How to Use This Calculator
- Choose the working temperature unit.
- Enter the trusted reference temperature from a calibrated source.
- Enter one or more observed readings from the instrument under evaluation.
- Add the calibration correction from the latest calibration certificate.
- Enter resolution, drift uncertainty, and environmental uncertainty.
- Provide the full-scale minimum and maximum for span-based error reporting.
- Set the coverage factor, usually 2 for a practical expanded uncertainty estimate.
- Optionally enter an allowable tolerance to get a pass or fail decision.
- Click Calculate Accuracy to show the result below the header and above the form.
- Use the export buttons to download a CSV or PDF summary.
FAQs
1. What does this calculator measure?
It estimates how accurately a temperature instrument matches a trusted reference. It combines bias, repeatability, display resolution, drift, and environmental effects into one practical engineering result.
2. Why should I enter multiple readings?
Multiple readings reveal repeatability. The calculator uses them to compute standard deviation and Type A uncertainty, which improves the accuracy estimate over relying on one reading only.
3. What is calibration correction?
Calibration correction is the adjustment taken from a calibration certificate or known offset. It is added to the average measured value before bias and accuracy are evaluated.
4. Why is resolution divided by the square root of twelve?
That conversion treats rounding or digitization error as a rectangular distribution. It is a common uncertainty method for display resolution and least-count effects.

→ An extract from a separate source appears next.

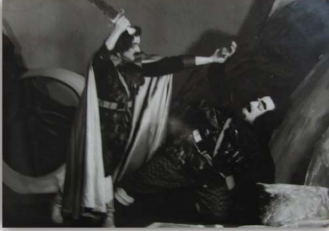
Resim 13: “Ay Masalı” müzikli piyesten bir sahne

5. What does overall accuracy band mean?
It is the estimated maximum practical deviation around the corrected result, combining absolute bias and expanded uncertainty. It is reported as a plus-minus temperature value.
6. What is the difference between error and uncertainty?
Error is the observed difference from the reference. Uncertainty describes how much doubt remains in the result after considering repeatability, resolution, drift, and environmental effects.
7. When should I use a coverage factor of 2?
A coverage factor of 2 is commonly used for an approximate 95% expanded uncertainty. It is a practical default for many industrial and laboratory reporting tasks.
8. How is pass or fail determined?
The tool compares the overall accuracy band against the allowable tolerance. If the band is less than or equal to tolerance, the result passes; otherwise it fails.